One could use a profiler, but why not just halt the program? [closed]

On Java servers it's always been a neat trick to do 2-3 quick Ctrl-Breakss in a row and get 2-3 threaddumps of all running threads. Simply looking at where all the threads "are" may extremely quickly pinpoint where your performance problems are.

This technique can reveal more performance problems in 2 minutes than any other technique I know of.


Because sometimes it works, and sometimes it gives you completely wrong answers. A profiler has a far better record of finding the right answer, and it usually gets there faster.


Doing this manually can't really be called "quick" or "effective", but there are several profiling tools which do this automatically; also known as statistical profiling.


Callstack sampling is a very useful technique for profiling, especially when looking at a large, complicated codebase that could be spending its time in any number of places. It has the advantage of measuring the CPU's usage by wall-clock time, which is what matters for interactivity, and getting callstacks with each sample lets you see why a function is being called. I use it a lot, but I use automated tools for it, such as Luke Stackwalker and OProfile and various hardware-vendor-supplied things.

The reason I prefer automated tools over manual sampling for the work I do is statistical power. Grabbing ten samples by hand is fine when you've got one function taking up 40% of runtime, because on average you'll get four samples in it, and always at least one. But you need more samples when you have a flat profile, with hundreds of leaf functions, none taking more than 1.5% of the runtime.

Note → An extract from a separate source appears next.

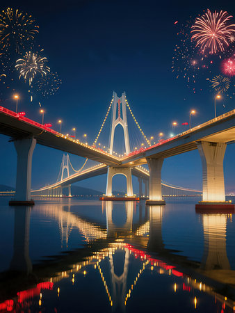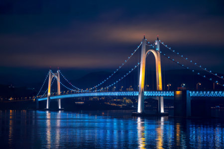 A long suspension bridge, lit with multicolored lights, stretches across a wide expanse of water. The night scene includes city lights in the background. The composition features a strong perspective and is suitable for various commercial uses, including website design, advertising, and editorial content.

Say you have a lake with many different kinds of fish. If 40% of the fish in the lake are salmon (and 60% "everything else"), then you only need to catch ten fish to know there's a lot of salmon in the lake. But if you have hundreds of different species of fish, and each species is individually no more than 1%, you'll need to catch a lot more than ten fish to be able to say "this lake is 0.8% salmon and 0.6% trout."

Similarly in the games I work on, there are several major systems each of which call dozens of functions in hundreds of different entities, and all of this happens 60 times a second. Some of those functions' time funnels into common operations (like malloc), but most of it doesn't, and in any case there's no single leaf that occupies more than 1000 μs per frame.

I can look at the trunk functions and see, "we're spending 10% of our time on collision", but that's not very helpful: I need to know exactly where in collision, so I know which functions to squeeze. Just "do less collision" only gets you so far, especially when it means throwing out features. I'd rather know "we're spending an average 600 μs/frame on cache misses in the narrow phase of the octree because the magic missile moves so fast and touches lots of cells," because then I can track down the exact fix: either a better tree, or slower missiles.

Manual sampling would be fine if there were a big 20% lump in, say, stricmp, but with our profiles that's not the case. Instead I have hundreds of functions that I need to get from, say, 0.6% of frame to 0.4% of frame. I need to shave 10 μs off every 50 μs function that is called 300 times per second. To get that kind of precision, I need more samples.

But at heart what Luke Stackwalker does is what you describe: every millisecond or so, it halts the program and records the callstack (including the precise instruction and line number of the IP). Some programs just need tens of thousands of samples to be usefully profiled.

(We've talked about this before, of course, but I figured this was a good place to summarize the debate.)